Background: Data suggest that preprocedural ultrasound may improve the efficacy of central neuraxial puncture. However, it remains uncertain whether these findings can be extended to various clinical scenarios, including diverse patient populations and the application of real-time ultrasound guidance. Additionally, it is unclear whether ultrasound-guided techniques improve safety and patient-centered outcomes.

Methods: We searched six databases for randomized trials of adult patients undergoing neuraxial puncture, comparing real-time ultrasound, preprocedural ultrasound, and landmark palpation for efficacy, safety and patient-centered outcomes. Our primary outcome was a failed first-attempt neuraxial puncture. After two-person screening and data extraction, meta-analyses were conducted and the Grading of Recommendations Assessment, Development and Evaluation approach was applied to assess the certainty of evidence.

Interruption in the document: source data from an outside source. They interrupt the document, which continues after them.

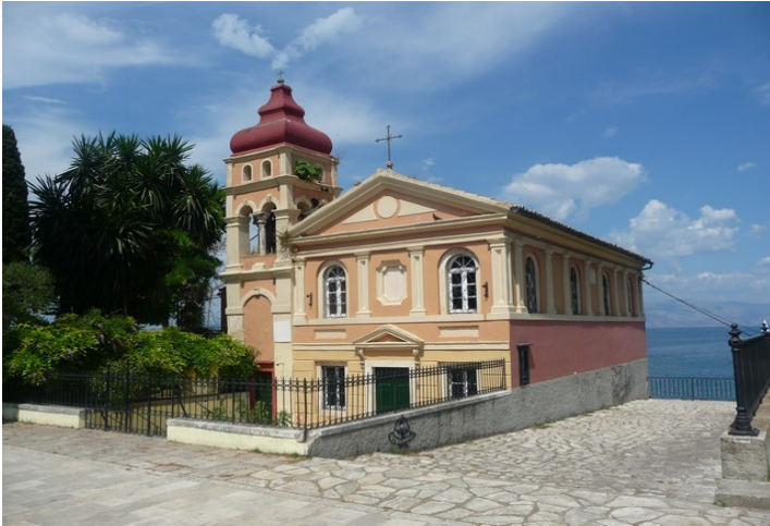
Ute av parken kommer vi forbi Mandrakinas Church som er viet til Jomfru Maria og Sant Panteleimonas. Den ble svært ødelagt i løpet av den siste krigen, men er nå fullstendig restaurert.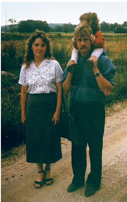
Mūsu ģimenei vienmēr patīcis pastaigāties.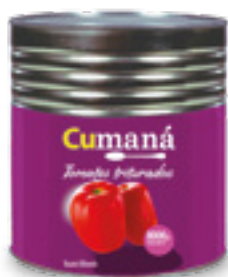
Tomates triturados x 8000g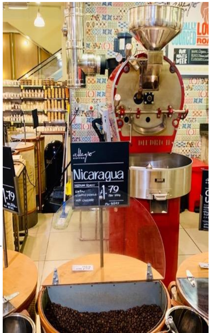
CAFÉ NICA EN CADENA WHOLEFOODS DE AMAZON.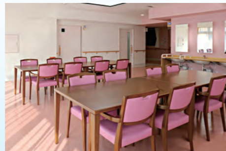
3階 食堂兼機能訓練室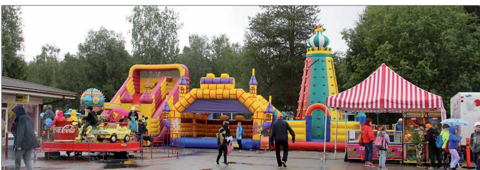
Lapsille oli ilmainen tivoli kumpanakin markkinapäivänä.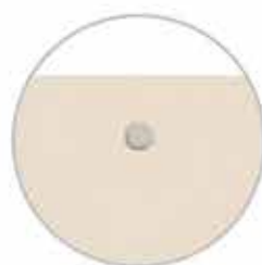
Previsto foro a scomparsa per appendere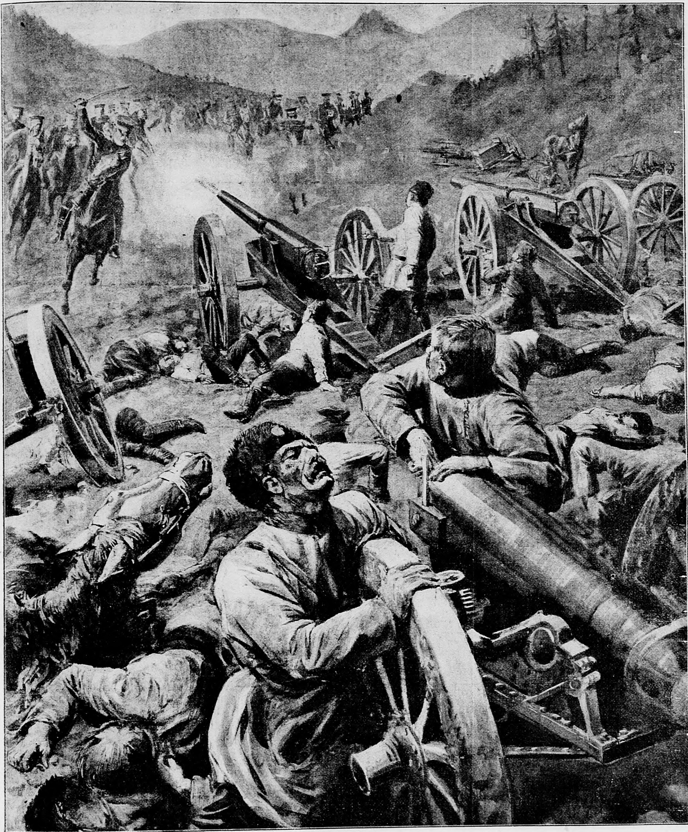
Z rusko-japonskej vojny. Útok japonských husárov proti ruským delám.

podívať. Nuž jakže? Vezmite ju?» — «Ona je nie pre mňa.»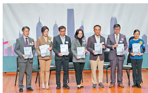
◆國際培幼會推出全港首套《幼稚園守護兒童實務守則》。

培幼會就《守則》及相關內容推出網上學習平台 ( https://cspcertificatc.plan.org.hk )，為幼兒機構及員工提供基礎培訓，首階段供用戶免費登記使用。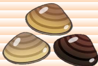
シーフードのペペロンチーノ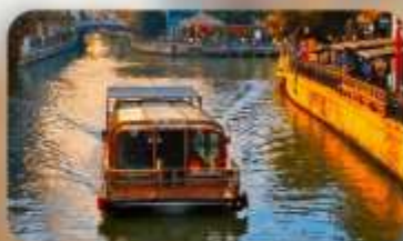
ล่องเรือ Grand Canal

Results: Analysis of 71 studies involving 7153 patients, both real-time ultrasound (OR 0.30; 95% credible interval (CrI) 0.15 to 0.58; low certainty) and preprocedural ultrasound (OR 0.33; 95% CrI 0.24 to 0.44; moderate certainty) showed a significant reduction in the risk of a failed first neuraxial puncture. Real-time ultrasound had the best performance for preventing first-attempt failures (low certainty evidence). Although real-time ultrasound was also the leading method for reducing the risk of complete neuraxial puncture failure, the results did not show a statistically significant difference when compared with landmark palpation. Preprocedural ultrasound, however, significantly reduced the odds of complete puncture failure (OR 0.29; 95% CrI 0.11 to 0.61). These ultrasound-guided approaches also contributed to a reduction in certain complications and increased patient satisfaction without any other significant differences in additional outcomes. Trial sequential analysis confirmed that sufficient information was achieved for our primary outcome.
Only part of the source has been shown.